Tuesday, 15 June 2010

Mental Decline From Diabetes Can Start in Middle Age

Mental Decline From Diabetes Can Start in Middle Age

While the mental decline may be invisible to the individual, the fact that the drop-off starts accumulating in middle age puts diabetics at greater risk later on because of reduced "brain reserves," Dr. David Knopman, of the Mayo Clinic in Rochester, Minnesota, told Reuters Health.

"Like a bicycle tire that's been partially deflated -- you'll be OK riding around but if you develop another little leak you'll be much closer to a flat tire much faster," said Knopman, who was not involved in the Dutch study.

Astrid Nooyens and colleagues at the National Institute for Public Health and the Environment in the Netherlands examined the health records and mental acuity scores of more than 2,600 men and women between the ages of 45 and 70 who enrolled in a large ongoing study into lifestyle effects on health.

At the five-year mark, of the 139 participants with type 2 diabetes, 61 were diabetics at the beginning of the study and 78 developed the chronic disease within the next five years.

The study confirmed the findings of earlier research, by Knopman and others, of an association between diabetes and declines in such mental functions as the ability to think quickly and recall words, but this is the first project to test memory and demonstrate how quickly the drop-off can occur.

Over a five-year period, decline in overall mental functioning in people with type 2 diabetes, while small, was nearly 3 times more pronounced than in non-diabetics.

But it didn't take many years for the impact to be felt.
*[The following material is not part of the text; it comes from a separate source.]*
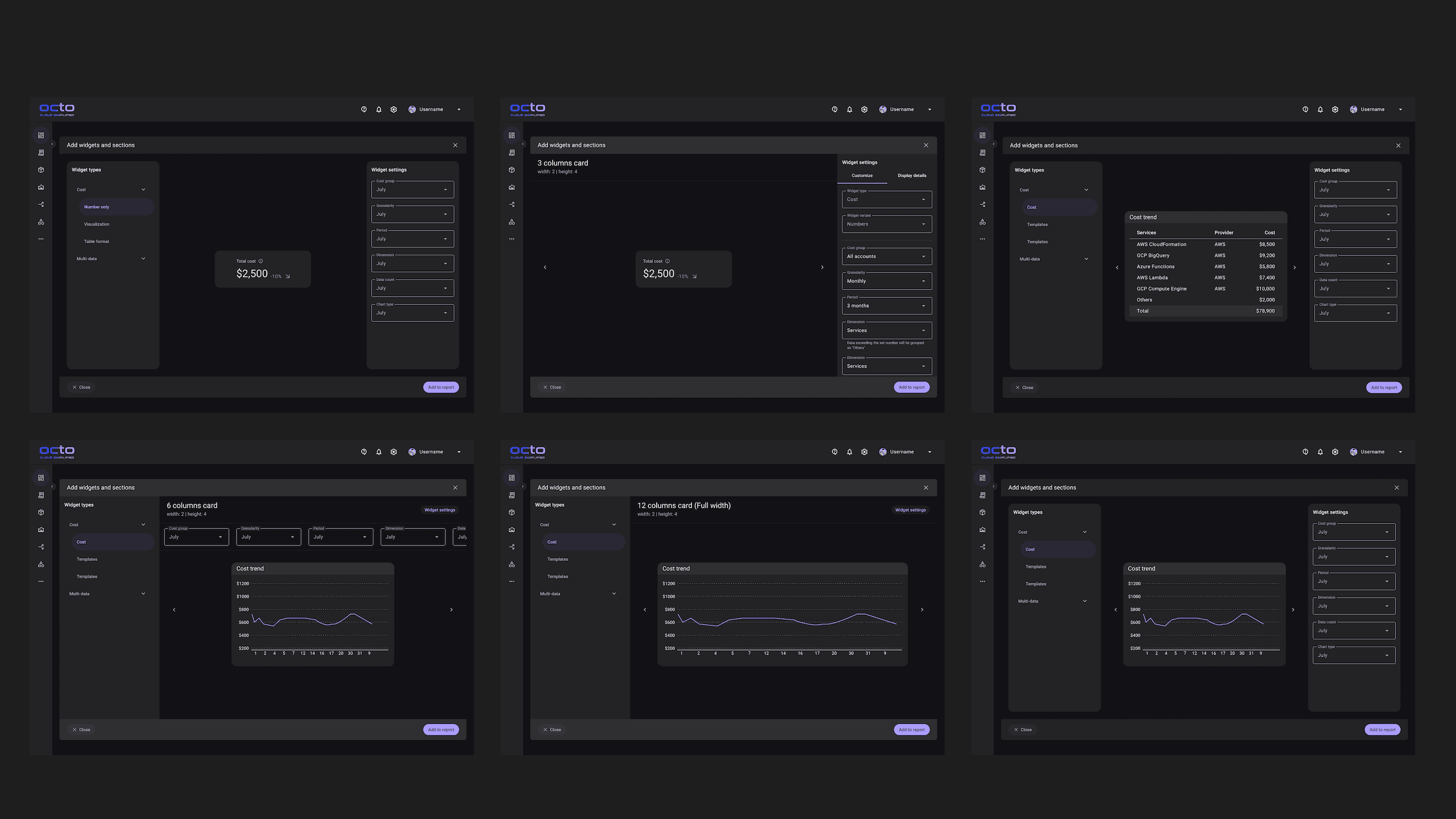 Having more widget variants were good generally as users had more flexibility to express different cost data but this meant that the old way of widget selection and report customization needs to be completely rethink.
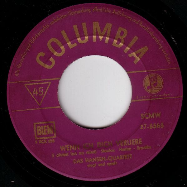 "I Almost Lost My Mind" ist zwar von Ivory Joe Hunter, war aber bei uns von Pat Boone ungemein populär. Deutsch vom Hansen-Quartett

Even those who developed diabetes after beginning the study saw twice as much of a decline as their non-diabetic counterparts.

Compared to the "healthy" participants, participants who had long-term diabetes registered the largest declines in mental function. Those who developed diabetes during the trial saw less pronounced declines than their long-term counterparts in most areas except information processing, where they appeared to do a little better than the "healthy" people.

Type 2 diabetes is characterized by high blood sugar levels caused by the body's inability to process sugar properly. The illness can usually be controlled through diet and exercise but may also require drugs.

The Nooyens group found that while memory continues to decline for those with diabetes, the drop-off in thinking speed appears to occur in the first five years and then level off. That led the authors to suggest that early treatment and control of blood sugar levels could help thinking speed, but probably not memory, they note in the journal Diabetes Care.

The researchers found that for a small group of people who had lived with diabetes for nearly seven year, blood sugar levels did not explain the entire decline in mental function. In those people, they suspect other conditions related to diabetes such as high blood pressure and obesity.

The study did not look at whether patients with well-controlled diabetes experienced less mental decline compared to their poorly controlled counterparts, although the authors point out that there are other reasons, such as heart disease, to control sugar levels as well.

They also note that the random blood tests of both the long- and short-term diabetics suggested what treatment they were getting was "insufficient."